Tiny, bright red specks, about 1mm across, sometimes move into buildings in large numbers. There are two species with several names, generally known as Red Spider Mites. Although they do no direct harm inside the house, if the mites are squashed they stain walls and decorations.

Squirrels

Deliberately introduced to this country sometime in the 19th century, the grey squirrel has since spread throughout most of mainland England and Wales. Mainly a resident of broadleaved and mixed woodlands it is also a typical resident of urban parks and gardens.

Pigeons

Feral pigeons foul buildings, creating unwanted "stained glass" windows and "decorated" architecture. All sorts of pests may migrate from their nests into buildings. Originally descended from the wild Rock Dove, a cliff-face dweller, these birds find the next best thing is a block of flats, a bit of Victorian Gothic architecture or a railway arch.

Termites

A wood-boring beetle whose grubs eat old hardwood structural timbers.

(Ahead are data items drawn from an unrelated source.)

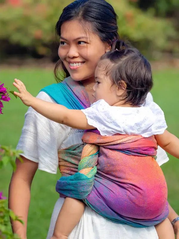 A striking fabric, Starry Night Aura baby wrap is woven with two different fades crossing over. The stars are speckled across this fabric, fading in and out through the explosions of colour. A true chameleon, this fabric will reveal new hues as it moves. This beautiful, shimmery fabric is woven with a hemp and cotton blended yarn for strength, cush and softness.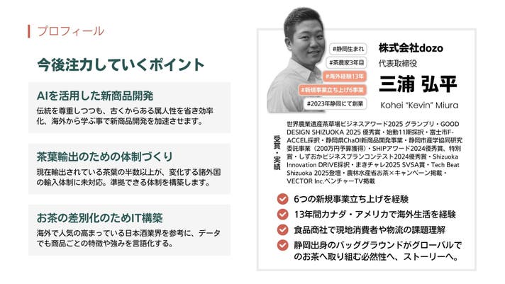2023年に帰国後、「日本のグローバルにおけるプレゼンスを高めたい」という想いから株式会社dozoを創業し、自らも静岡市葵区で茶農家として就農しました。現場で働く中で目の当たりにしたのは、高齢化により圃場管理を諦める茶農家が増え続けている現実です。2024年度だけでも、私の周辺で4件の農家さんが収穫を断念されました。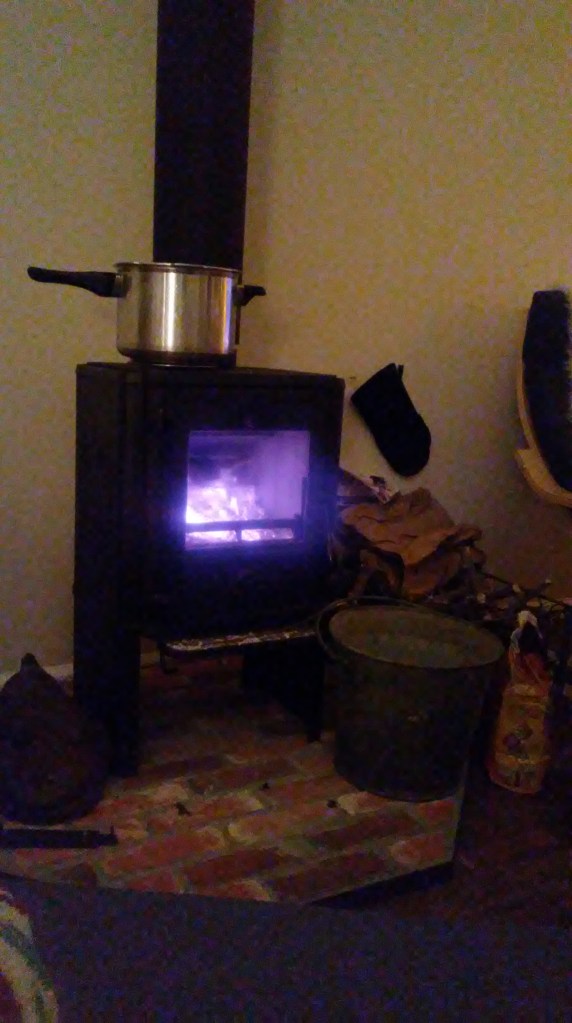 The wood stove has been puttering along beautifully over the past frigid few days and I am afraid that the wood is about run out and another two cords will not be arriving for another few weeks. We do have a furnace, but there is nothing quite like the warmth from a wood stove to really warm the bones.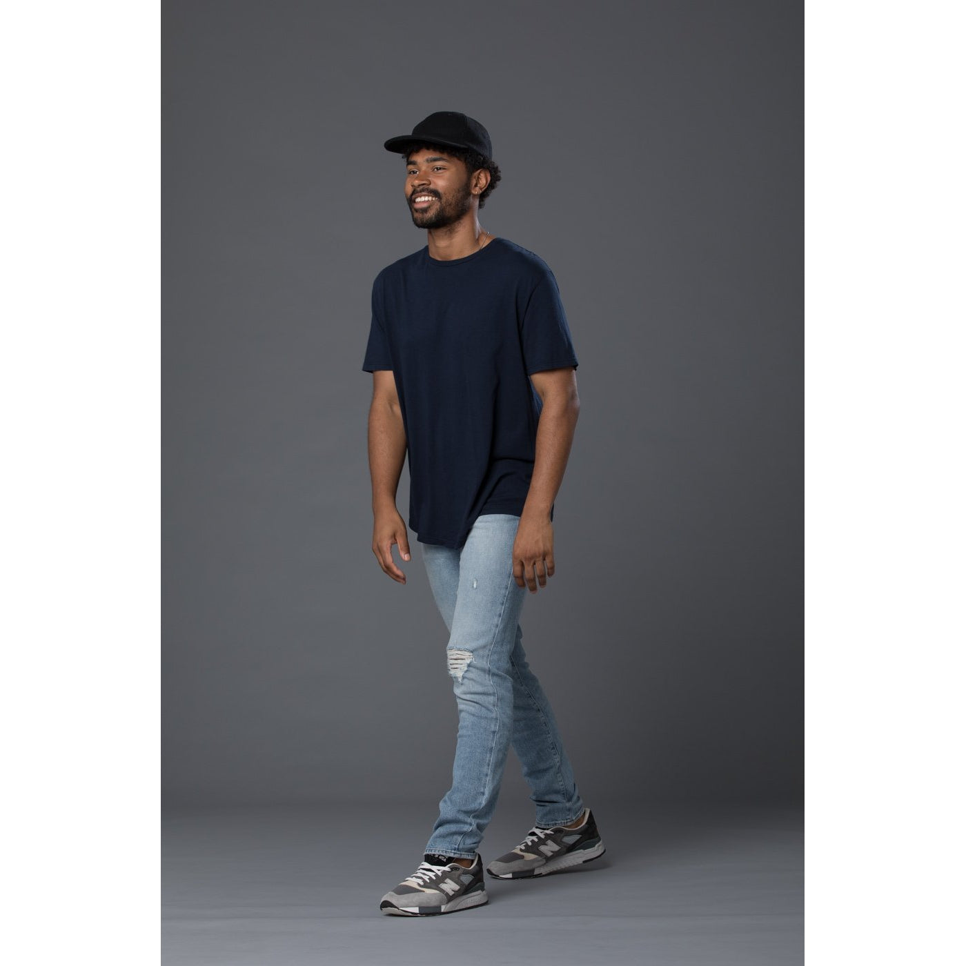GREI NY design with comfort and ease in mind, and their Pigment Crewneck Tee is a reflection of their aesthetic. The tees are hand dyed in Brooklyn, and are created in butter soft supima cotton and micro modal blend. The process provided a color of depth and soft hand due to the dye process. With a relaxed fit and rounded hem, the tee is easy to dress up or down. Worn with the AGOLDE Blade Jean and Indigo Cap.

Practically common in stately homes in which the beetle family has probably lived since they were built.

Wharf Borer

A brown beetle, about 1cm long, with pronounced antennae and a tendency to emerge from damp basements and fly about near rivers or estuaries in early summer. The grubs live in very decayed wet timber such as old jetties or wooden piles. These beetles sometimes invade buildings built over old bombed sites with timbers buried under them for a few odd days.

Woolly Bears

The small hairy larvae of the carpet or fur beetles are known as "woolly bears". These small, oval beetles have outstripped the clothes moths as the major British textile pest. The larvae are small (about 4mm long), covered in brown hairs, and tend to roll up when disturbed. As they grow, they moult - and the old cast-off skins may be the first sign of infestation.